In FUE technique, the donor and the recipient areas are cleaned and prepped. After the scalp is drawn to plan the transplantation, photos of the scalp are taken to make comparisons.
Hair follicles are harvested from the nape, where hairs are genetically resistant to hair loss, using very special thin needles measuring ≤1 mm in diameter. FUE technique does not require making incision on the scalp, while hair follicles (graft) are collected, and therefore, no scar tissue forms. The hair follicles are prepped to be transferred. Very tiny holes are drilled at the recipient area using a device called micromotor. These canals or holes are drilled at the direction of the growth of hair and thus, your hair will look natural when they grow after hair transplantation. After hair follicles are transferred in line with the pre-transplant plan and drawings, the scalp is closed with bandage.
Hair transplant procedure takes about several hours. If necessary, the procedure can be completed in the second session in the next day.
You may feel mild redness and discomfort after the procedure. Usually, these conditions do not require treatment, but your doctor will inform you in detail about issues that require your attention and you will also be given an information procedure. You should avoid strenuous activities for 15 days and you should protect the scalp against traumas.

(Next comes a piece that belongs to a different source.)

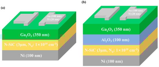Schematic of the (a) Ga2O3/SiC and (b) Ga2O3/Al2O3/SiC structures.

Your doctor will probably ask you to visit the hospital one day after the procedure. The bandage will be removed in this visit.
If you experience warmth and remarkable pain at the donor or the recipient site if you have a fever or any symptoms that you think are due to the hair transplant after you are discharged, contact your doctor immediately.
Hair will grow, but it will shed quickly after the hair transplant. You can see growth of hair by transferred hair follicles approximately two months later. Your hair will normally grow and the baldness will be completely eliminated approximately 6 months to one year later.